Task description:
Nothing but the pictures should be left out when the entries below are duplicated.

Source material:
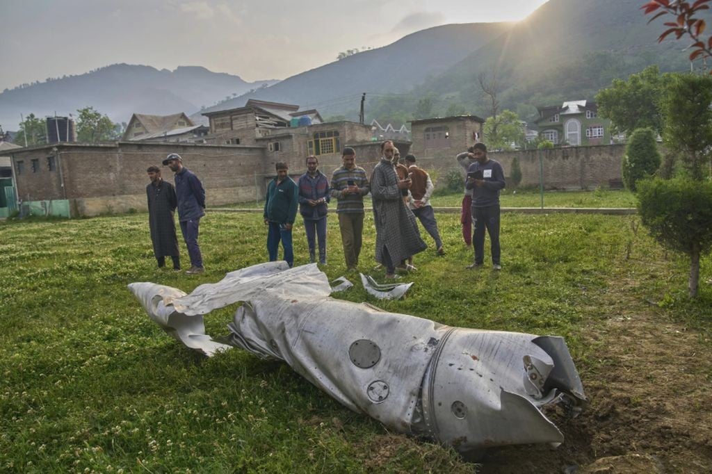 Puing-puing jet tempur India jatuh di permukiman setelah pertempuran udara melawan Pakistan (Foto: AP)
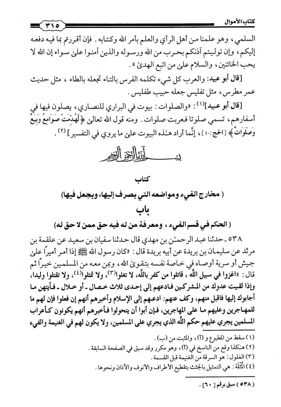 538 - (524) حَدَّثَنَا عَبْدُ الرَّحْمَنِ بْنُ مَهْدِيِّ، قَالَ: حَدَّثَنَا سُفْيَانُ بْنُ سَعِيدٍ، عَنْ عَلْقَمَةَ بْنِ مَرْثَدٍ، عَنْ سُلَيْمَانَ بْنِ بُرَيْدَةَ، عَنْ أَبِيهِ بُرَيْدَةَ، قَالَ: كَانَ رَسُولُ اللَّهِ صَلَّى اللهُ عَلَيْهِ وَسَلَّمَ إِذَا أَمَّرَ أَمِيرًا عَلَى جَيْشٍ أَوْ سَرِيَّةٍ أَوْصَاهُ فِي خَاصَّةِ نَفْسِهِ بِتَقْوَى اللَّهِ، وَبِمَنْ مَعَهُ مِنَ الْمُسْلِمِينَ خَيْرًا، ثُمَّ قَالَ: اغْزُوا فِي سَبِيلِ اللَّهِ، قَاتِلُوا مَنْ كَفَرَ بِاللَّهِ، لَا تَغُلُّوا، وَلَا تُمَثِّلُوا، وَلَا تَقْتُلُوا وَلِيدًا، وَإِذَا لَقِيتَ عَدُوَّكَ مِنَ الْمُشْرِكِينَ فَادْعُهُمْ إِلَى إِحْدَى ثَلَاثِ خِصَالٍ أَوْ خِلَالٍ فَأَيَّتُهُنَّ مَا أَجَابُوكَ إِلَيْهَا فَاقْبَلْ مِنْهُمْ، وَكُفَّ عَنْهُمُ: ادْعُهُمْ إِلَى الْإِسْلَامِ وَأَخْبِرْهُمْ أَنَّهُمْ إِنْ فَعَلُوا فَإِنَّ لَهُمْ مَا لِلْمُهَاجِرِينَ وَعَلَيْهِمْ مَا عَلَى الْمُهَاجِرِينَ، فَإِنْ أَبَوْا أَنْ يَتَحَوَّلُوا فَأَخْبِرْهُمْ أَنَّهُمْ يَكُونُونَ كَأَعْرَابِ الْمُسْلِمِينَ يَجْرِي عَلَيْهِمْ حُكْمُ اللَّهِ الَّذِي يَجْرِي عَلَى الْمُسْلِمِينَ، وَلَا يَكُونُ لَهُمْ فِي الْغَنِيمَةِ وَالْفَيْءِ #316# شَيْءٌ إِلَّا أَنْ يُجَاهِدُوا مَعَ الْمُسْلِمِينَ، فَإِنْ هُمْ أَبَوْا فَسَلْهُمُ الْجِزْيَةَ فَإِنْ هُمْ أَجَابُوكَ فَاقْبَلْ مِنْهُمْ، وَكُفَّ عَنْهُمْ، فَإِنْ هُمْ أَبَوْا فَاسْتَعِنْ بِاللَّهِ وَقَاتِلْهُمْ.
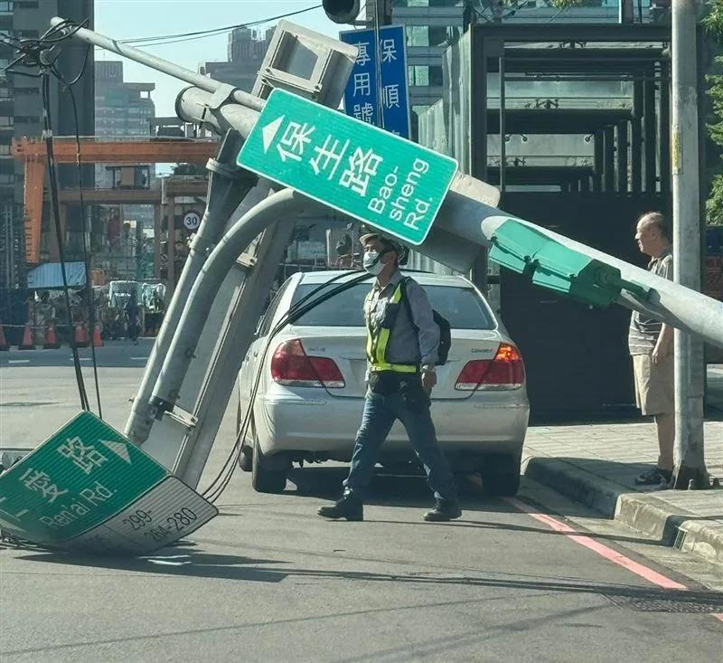 新北永和交通標(biāo)志桿傾倒險砸人車 現(xiàn)場畫面曝光
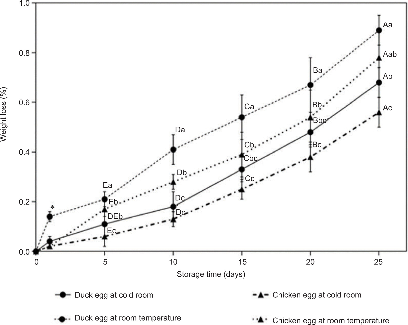 Figure 1. Weight loss of duck eggs and chicken eggs at different storage days and temperatures; different uppercase letters indicate significant differences between treatments (p<0.05); different lowercase letters indicate significant differences between treatments (p<0.05); * mean significant differences of duck egg at cold room temperature (DC), chicken egg at cold room temperature (CC), duck egg at room temperature (DR), and chicken egg at room temperature (CR) at day 0 (Fa, Ea, Fa, and Fa) and day 1 (EFb, Eb, Ea, and Fb), respectively.
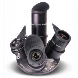 La nueva torreta portaoculares revolver de Baader Planetarium equipada con toda la gama de oculares ortoscópicos y el ocular Plössl de 32 mm te permite una amplia gama de aumentos sin tener que desmontarlos del portaocular.
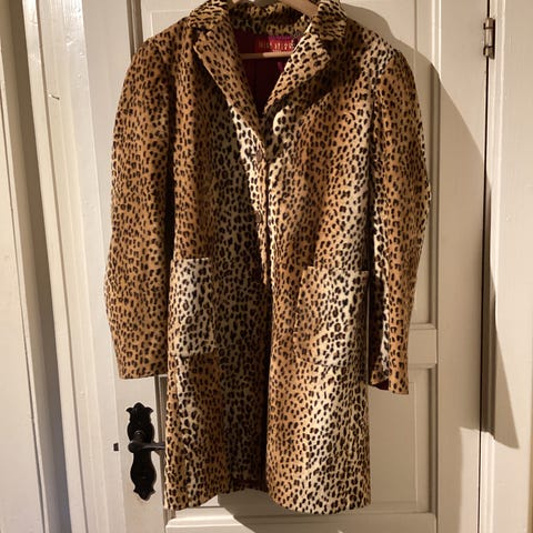 Leopardmønstret vintage fuskepelskåpe fra 2000-tallet med satengfôr. Myk og varm, med kortere (cropped) lengde og klassisk rett passform. Markert krage og tydelig statement-design. Enkel å style både til hverdags og mer pyntede antrekk.
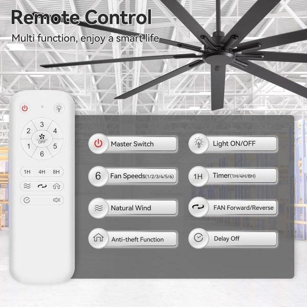 Multi-Function Remote Control: Control 6 fan speeds independently. Set a 1/4/8-hour timer with ease. The remote features silent key operation and is the only control option; wall switches are not supported

Task answer:
 Puing-puing jet tempur India jatuh di permukiman setelah pertempuran udara melawan Pakistan (Foto: AP)
 538 - (524) حَدَّثَنَا عَبْدُ الرَّحْمَنِ بْنُ مَهْدِيِّ، قَالَ: حَدَّثَنَا سُفْيَانُ بْنُ سَعِيدٍ، عَنْ عَلْقَمَةَ بْنِ مَرْثَدٍ، عَنْ سُلَيْمَانَ بْنِ بُرَيْدَةَ، عَنْ أَبِيهِ بُرَيْدَةَ، قَالَ: كَانَ رَسُولُ اللَّهِ صَلَّى اللهُ عَلَيْهِ وَسَلَّمَ إِذَا أَمَّرَ أَمِيرًا عَلَى جَيْشٍ أَوْ سَرِيَّةٍ أَوْصَاهُ فِي خَاصَّةِ نَفْسِهِ بِتَقْوَى اللَّهِ، وَبِمَنْ مَعَهُ مِنَ الْمُسْلِمِينَ خَيْرًا، ثُمَّ قَالَ: اغْزُوا فِي سَبِيلِ اللَّهِ، قَاتِلُوا مَنْ كَفَرَ بِاللَّهِ، لَا تَغُلُّوا، وَلَا تُمَثِّلُوا، وَلَا تَقْتُلُوا وَلِيدًا، وَإِذَا لَقِيتَ عَدُوَّكَ مِنَ الْمُشْرِكِينَ فَادْعُهُمْ إِلَى إِحْدَى ثَلَاثِ خِصَالٍ أَوْ خِلَالٍ فَأَيَّتُهُنَّ مَا أَجَابُوكَ إِلَيْهَا فَاقْبَلْ مِنْهُمْ، وَكُفَّ عَنْهُمُ: ادْعُهُمْ إِلَى الْإِسْلَامِ وَأَخْبِرْهُمْ أَنَّهُمْ إِنْ فَعَلُوا فَإِنَّ لَهُمْ مَا لِلْمُهَاجِرِينَ وَعَلَيْهِمْ مَا عَلَى الْمُهَاجِرِينَ، فَإِنْ أَبَوْا أَنْ يَتَحَوَّلُوا فَأَخْبِرْهُمْ أَنَّهُمْ يَكُونُونَ كَأَعْرَابِ الْمُسْلِمِينَ يَجْرِي عَلَيْهِمْ حُكْمُ اللَّهِ الَّذِي يَجْرِي عَلَى الْمُسْلِمِينَ، وَلَا يَكُونُ لَهُمْ فِي الْغَنِيمَةِ وَالْفَيْءِ #316# شَيْءٌ إِلَّا أَنْ يُجَاهِدُوا مَعَ الْمُسْلِمِينَ، فَإِنْ هُمْ أَبَوْا فَسَلْهُمُ الْجِزْيَةَ فَإِنْ هُمْ أَجَابُوكَ فَاقْبَلْ مِنْهُمْ، وَكُفَّ عَنْهُمْ، فَإِنْ هُمْ أَبَوْا فَاسْتَعِنْ بِاللَّهِ وَقَاتِلْهُمْ.
 新北永和交通標(biāo)志桿傾倒險砸人車 現(xiàn)場畫面曝光
 Figure 1. Weight loss of duck eggs and chicken eggs at different storage days and temperatures; different uppercase letters indicate significant differences between treatments (p<0.05); different lowercase letters indicate significant differences between treatments (p<0.05); * mean significant differences of duck egg at cold room temperature (DC), chicken egg at cold room temperature (CC), duck egg at room temperature (DR), and chicken egg at room temperature (CR) at day 0 (Fa, Ea, Fa, and Fa) and day 1 (EFb, Eb, Ea, and Fb), respectively.
 La nueva torreta portaoculares revolver de Baader Planetarium equipada con toda la gama de oculares ortoscópicos y el ocular Plössl de 32 mm te permite una amplia gama de aumentos sin tener que desmontarlos del portaocular.
 Leopardmønstret vintage fuskepelskåpe fra 2000-tallet med satengfôr. Myk og varm, med kortere (cropped) lengde og klassisk rett passform. Markert krage og tydelig statement-design. Enkel å style både til hverdags og mer pyntede antrekk.
 Multi-Function Remote Control: Control 6 fan speeds independently. Set a 1/4/8-hour timer with ease. The remote features silent key operation and is the only control option; wall switches are not supported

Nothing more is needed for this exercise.